At least five child marriages were recorded in one of the IDP camps this year alone, our findings reveal.
Most worrisome about the situation is that despite the hard times being faced by the vulnerable persons squatting at the various camps in Adamawa State following the 14 years of Boko Haram insurgency which forced many families to flee their homes, indiscriminate contraction of marriages by underage couples and tales of found love still flourish.
Arewa PUNCH visited one of the camps and had an exclusive chat with two families out of the five at the Fufore IDPs camps who got married this year – Bakura, 17 years old, who is originally from Michika, and got married to Aisha,15 years old in January 2023.
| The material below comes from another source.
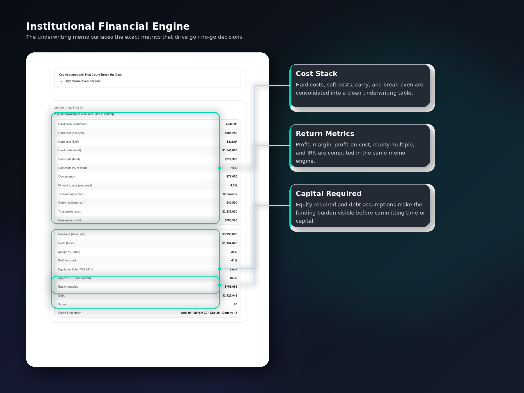 Instead of spending weeks analyzing opportunities that ultimately fail basic economics, the platform allows you to test assumptions quickly and produce a structured underwriting memo within minutes.

He told our correspondent that his love for her was so much that he approached Aisha’s parents, who gave their consent and blessed their marriage.
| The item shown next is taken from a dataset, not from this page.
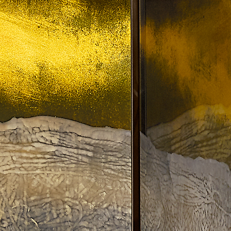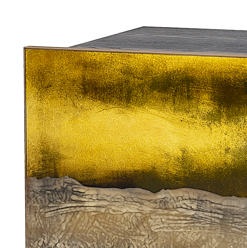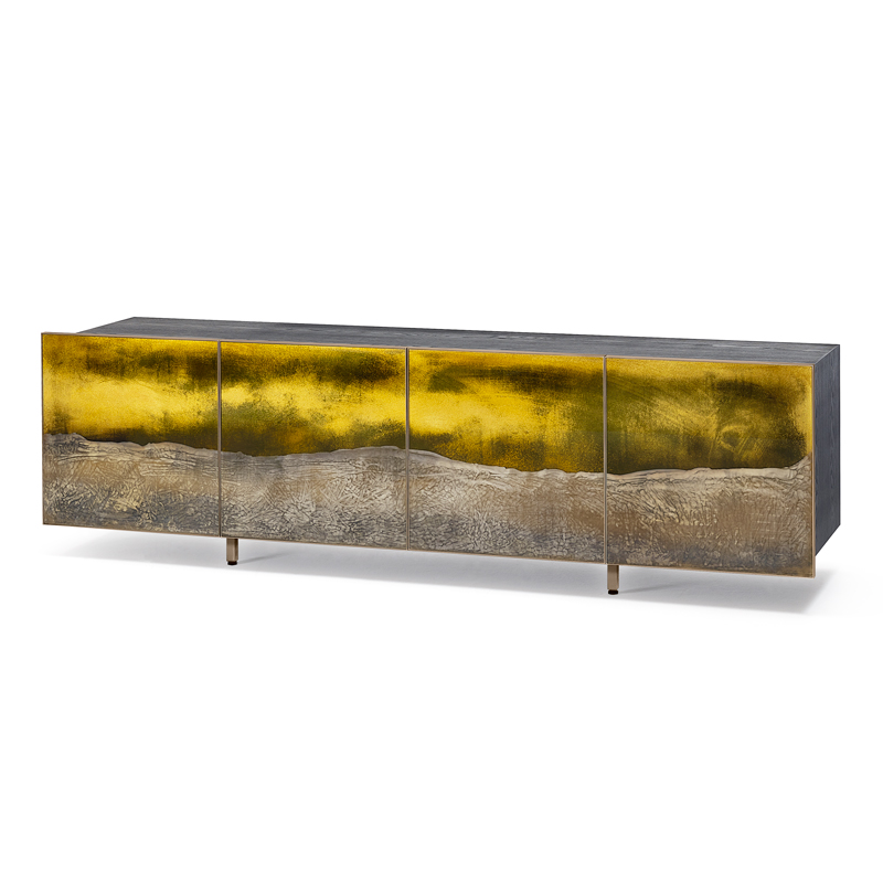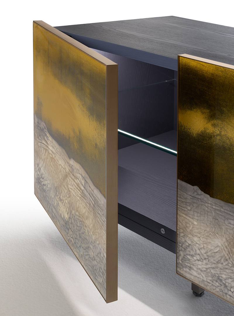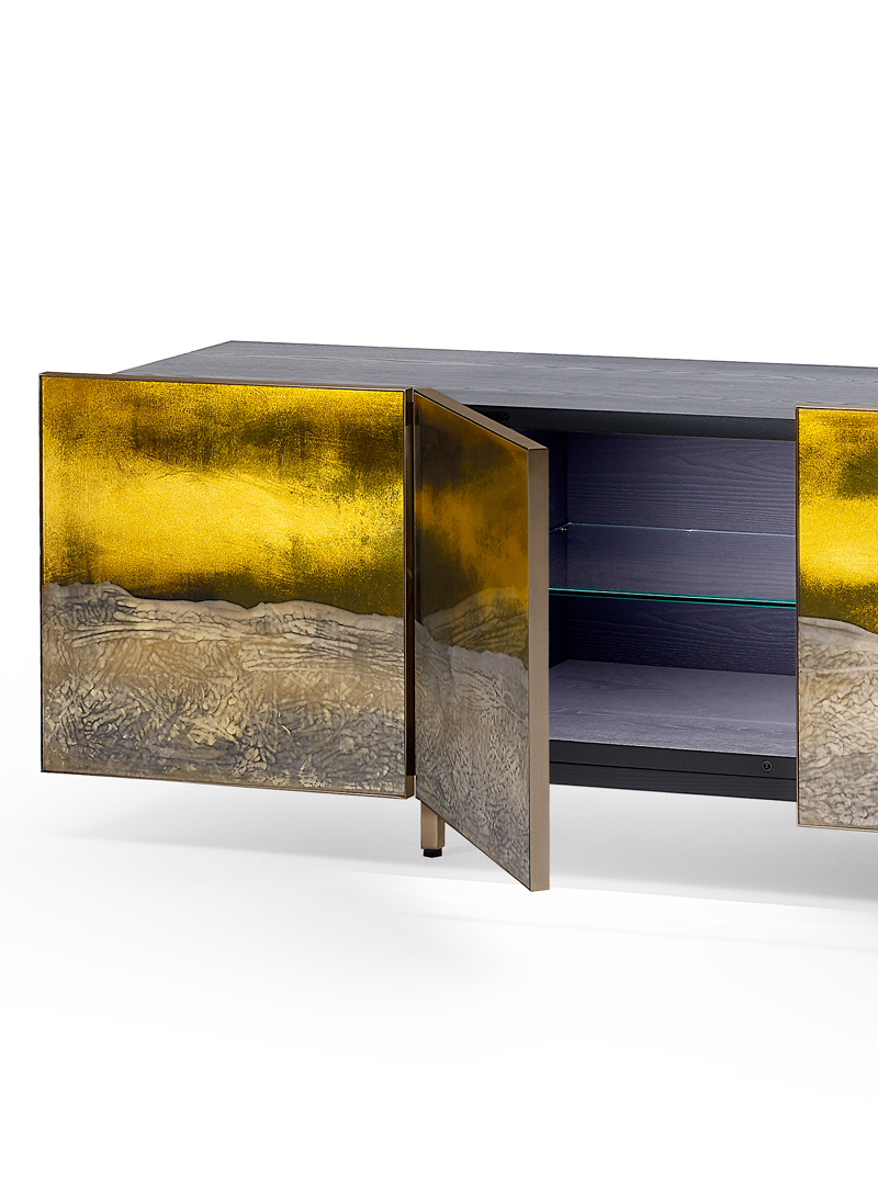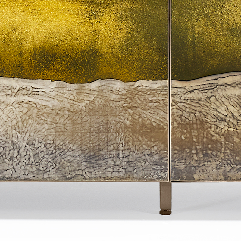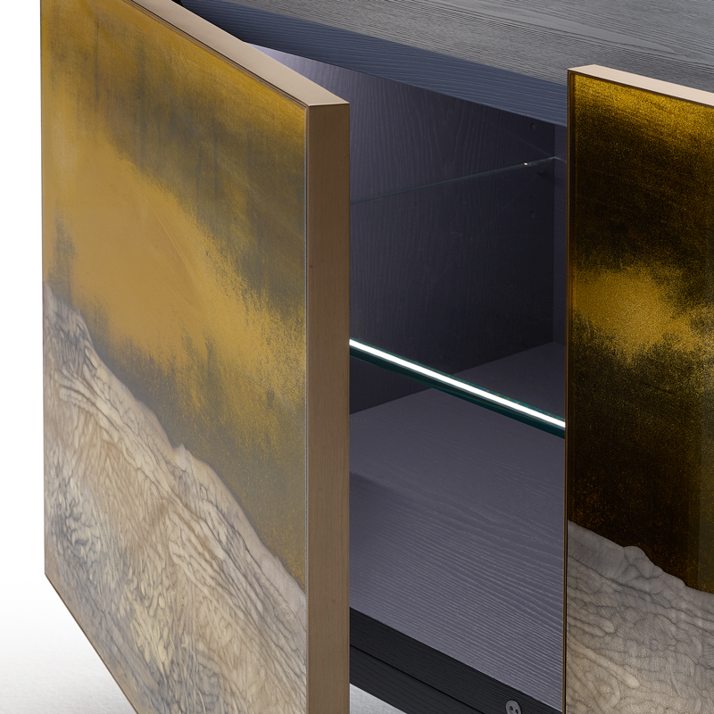 Структура из многослойного дерева с отделкой лакированный шпон ясеня. Четыре двери из прозрачного стекла с гравировкой, золотым декором и серебрением под старину. Внутри регулируемые полки из сверх-прозрачного стекла. Профили дверей и металлические ножки отделаны под состаренную латунь.

Asked to explain other factors that motivated him to settle for an early marriage with Aisha and what he knows of marital life at his present age and how he plans to take care of his bride to make her happy, Bakura said, “we are in the camp together, and I love Aisha very well. I will buy her anything she wants to make her happy.
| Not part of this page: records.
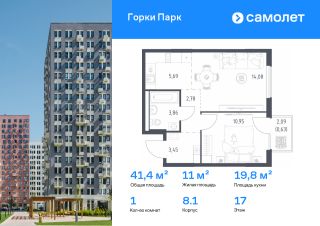 Строим кварталы для жизни с заботой о будущем. Предлагается 1-комнатная квартира комфорт-класса 41,44 кв.м в корпусе 8.1 на 17 этаже, в ЖК "Горки Парк"
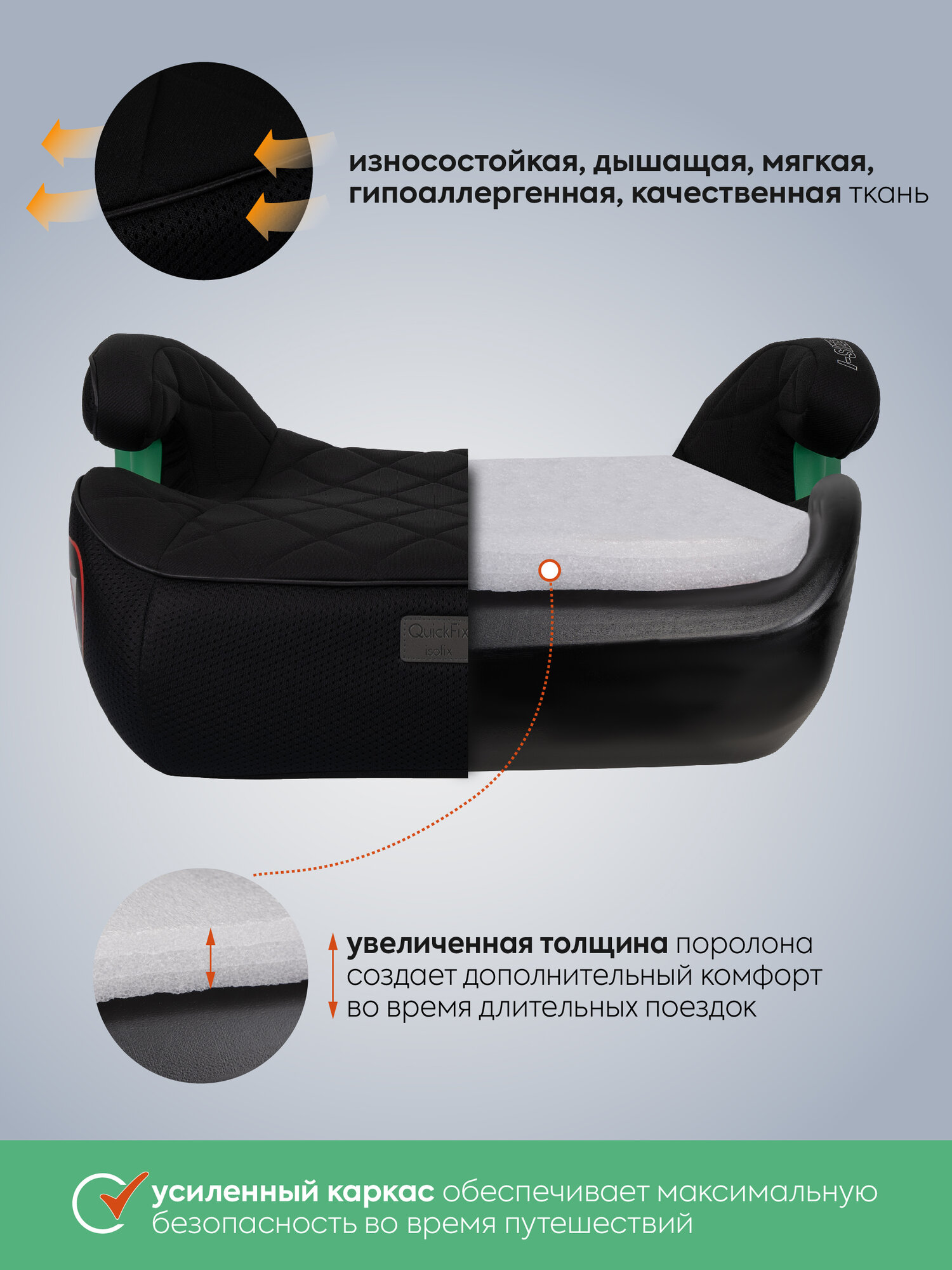 Продукция сертифицирована по стандартам ECE R44/04, боковая защита снижает риск травм на 25%.
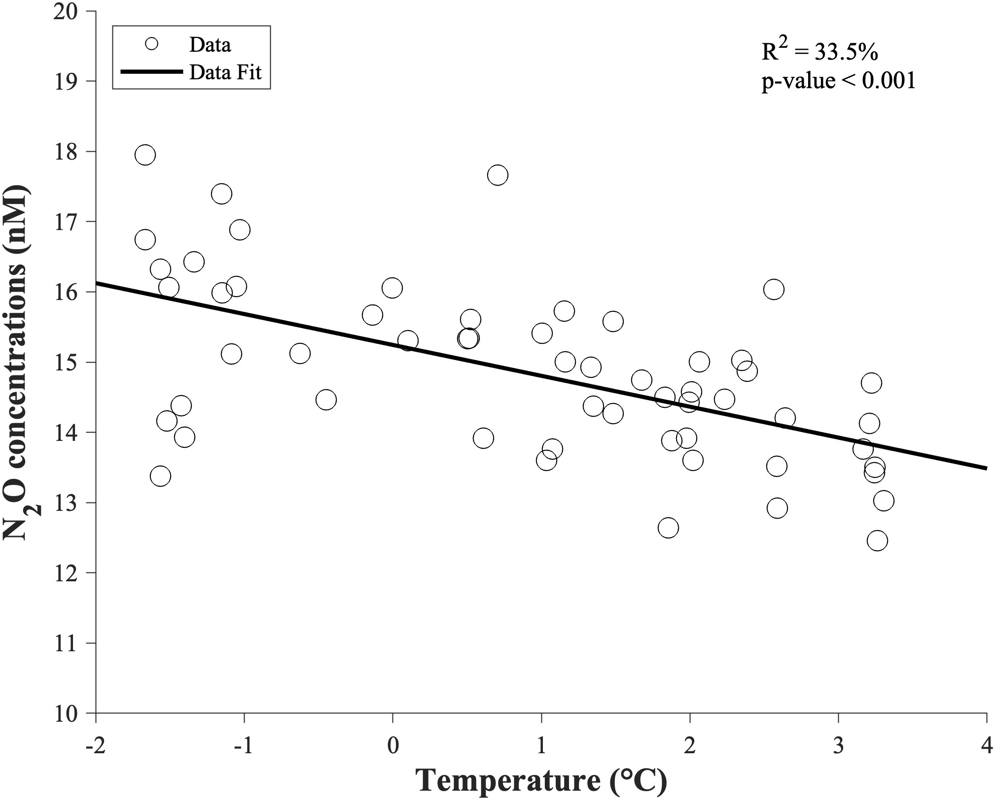 N2O concentrations in the mixed surface layer. The N2O concentration is compared to temperature. The regression line is shown in black.

“Aisha is pregnant for me and will soon give birth… I don’t want her to go to school, but I want my children to go to school. I want to have three children.”
When he was further probed on what work or vocation he would engage in to raise some money to buy all Aisha may require of him and to generally take good care of her, he simply added, “I would like to sell nylon bags for now.”
Although Bakura also said he aspires to be a soldier after completing his secondary school, he is currently in SS 2 at the moment.
While also interacting with Aisha, originally from Bama, she too confirmed that her parents gave her hand in marriage to Bakura.
According to Aisha, she loves Bakura so much and would like to have three children for him, adding that she would like to go to school alongside her children.
The young bride who is confident that Bakura loves her equally reveals that she knows what to do and what not to do to keep herself and her baby out of danger.
Regarding whether or not she has had any health issues since she got pregnant, she said, “not at all,” stressing that she and her unborn baby were living in good health.”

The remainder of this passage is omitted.